What to work on: Go through the listing below and repeat it exactly, dropping the pictures.

Dataset section Start Marker

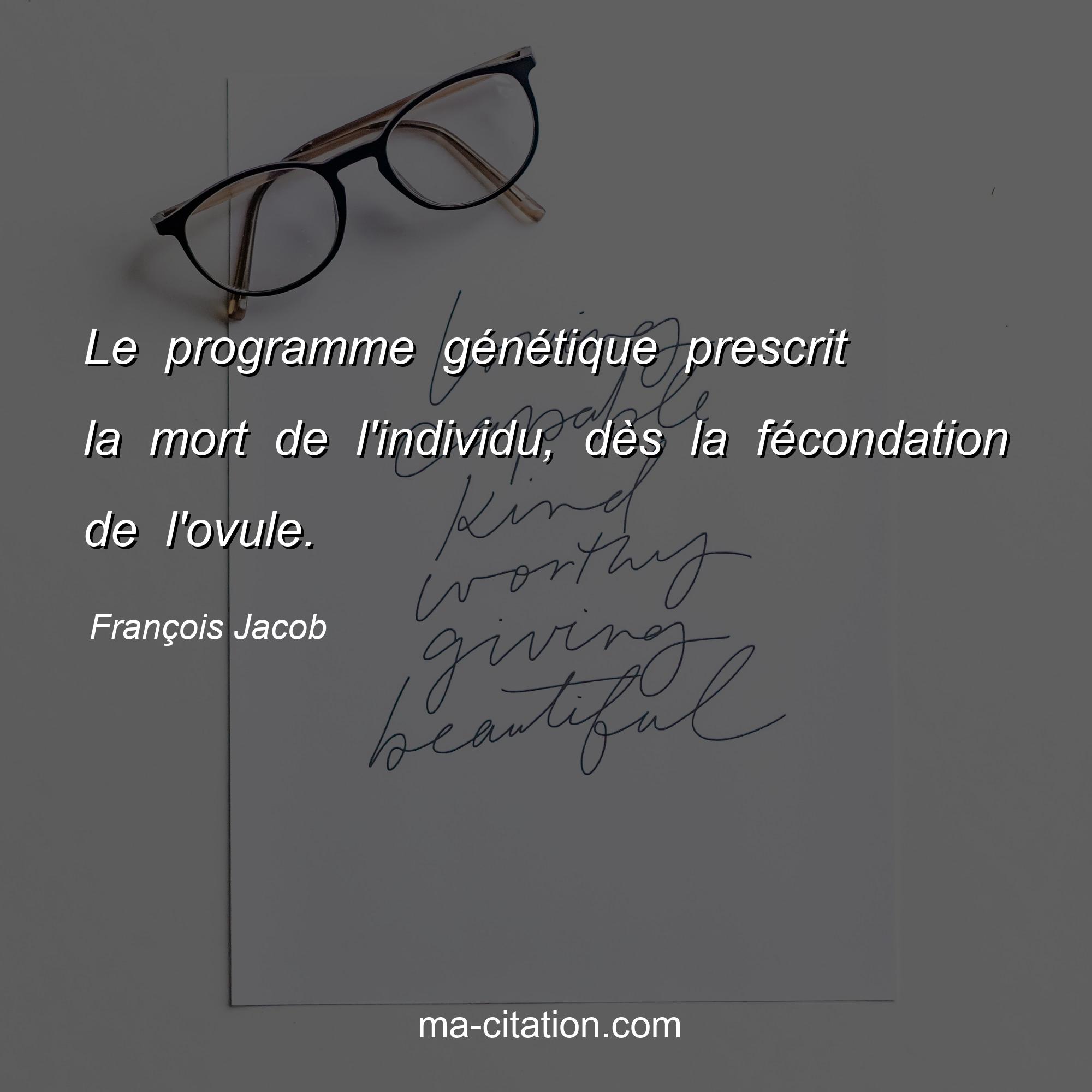 Citation sur la vie de François Jacob :Le programme génétique prescrit la mort de l'individu, dès la fécondation de l'ovule.
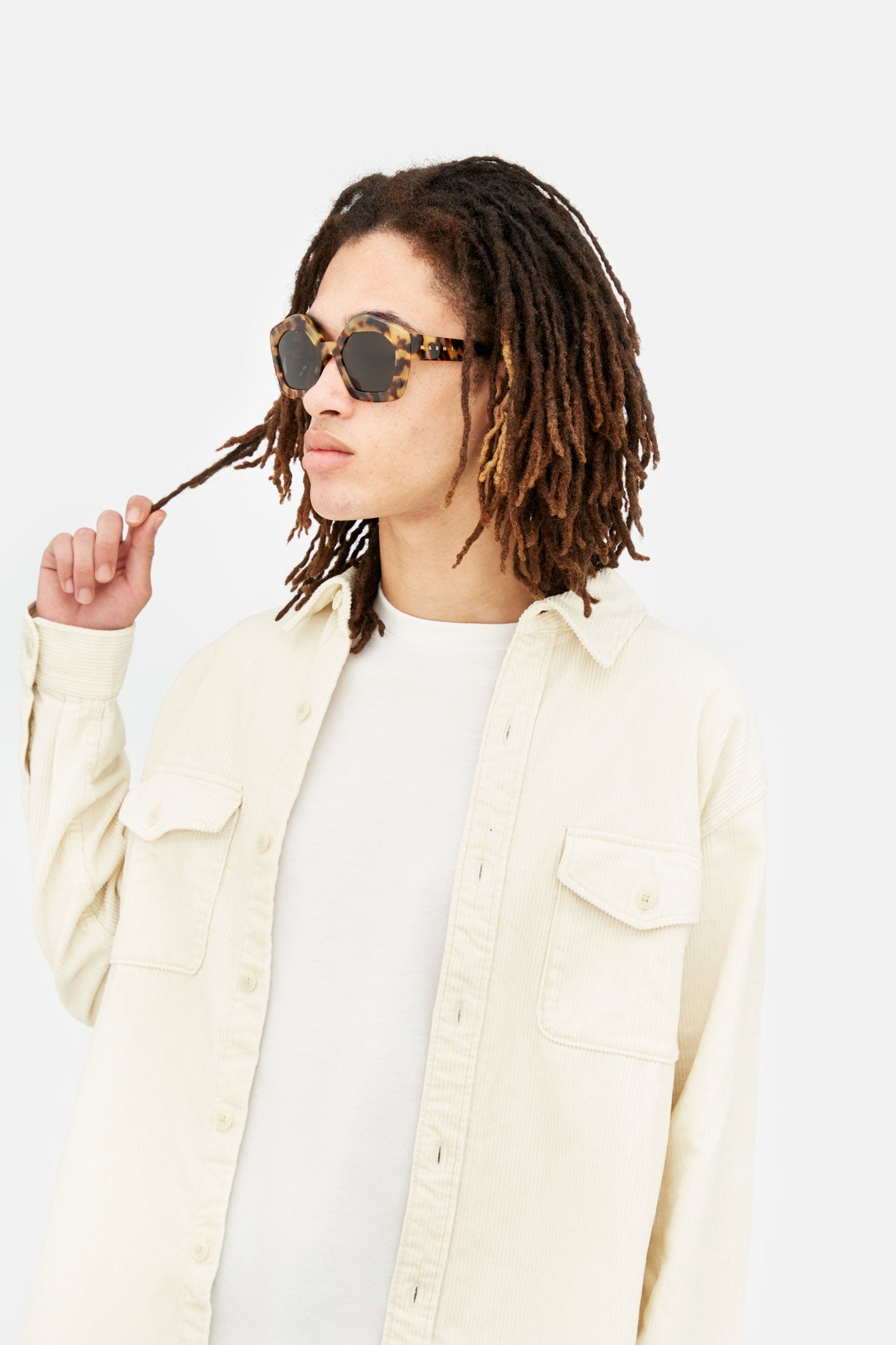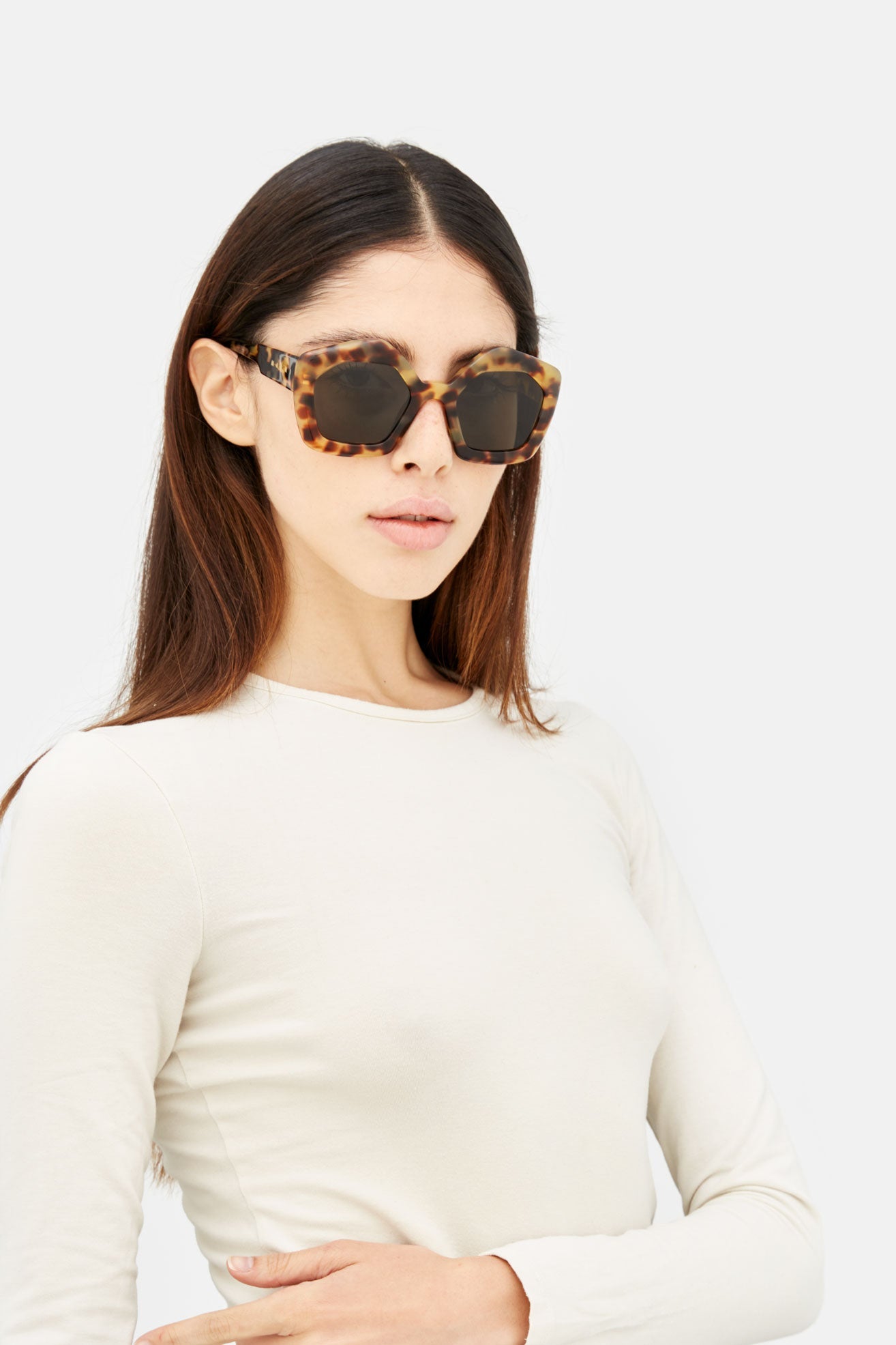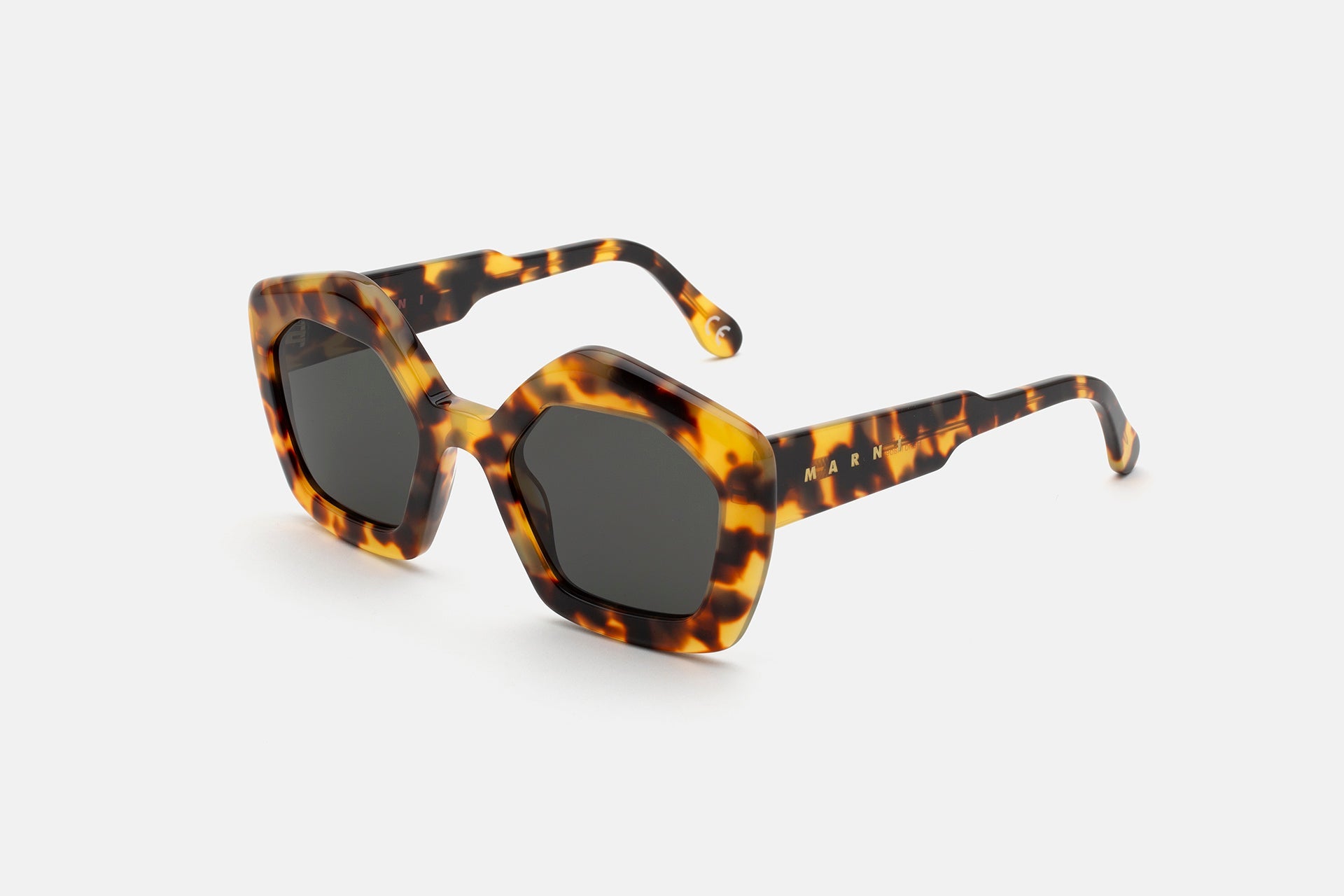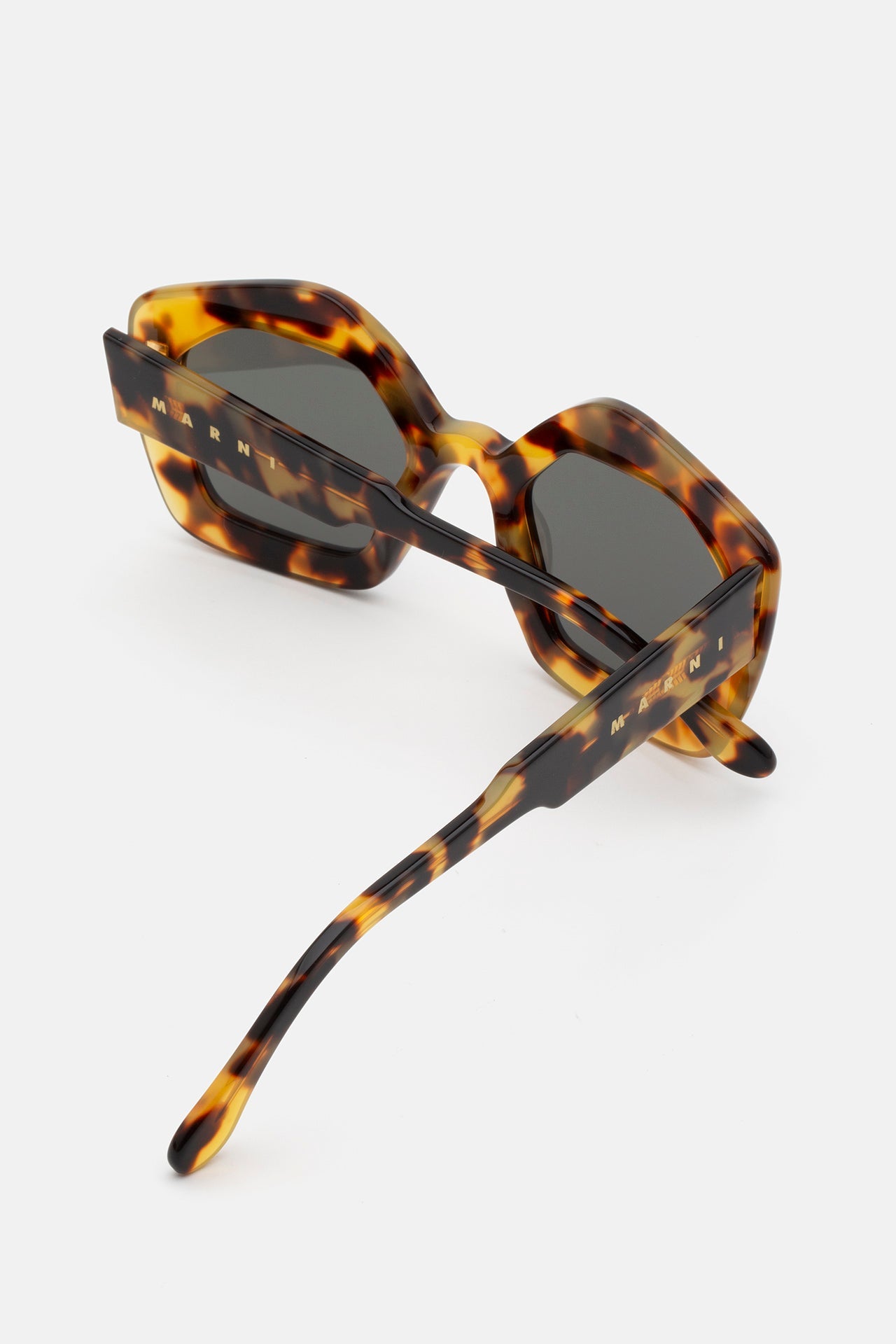 Diseñada en exclusiva para Marni, Laughing Waters es una silueta de acetato grueso caracterizada por lentes de gran tamaño y bordes esculpidos. La icónica forma pentagonal de las lentes es una reinterpretación de la silueta tradicional de Marni. Esta versión viene con lentes negras y un vibrante acetato habano con la marca Marni en las patillas.
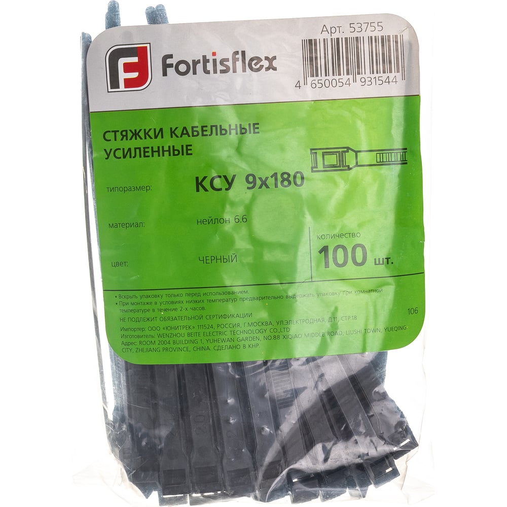 Полиамидные стяжки FORTISFLEX КСУ 9х180 черный 100 штук 53755

Dataset section End Marker

Your response:
 Citation sur la vie de François Jacob :Le programme génétique prescrit la mort de l'individu, dès la fécondation de l'ovule.
 Diseñada en exclusiva para Marni, Laughing Waters es una silueta de acetato grueso caracterizada por lentes de gran tamaño y bordes esculpidos. La icónica forma pentagonal de las lentes es una reinterpretación de la silueta tradicional de Marni. Esta versión viene con lentes negras y un vibrante acetato habano con la marca Marni en las patillas.
 Полиамидные стяжки FORTISFLEX КСУ 9х180 черный 100 штук 53755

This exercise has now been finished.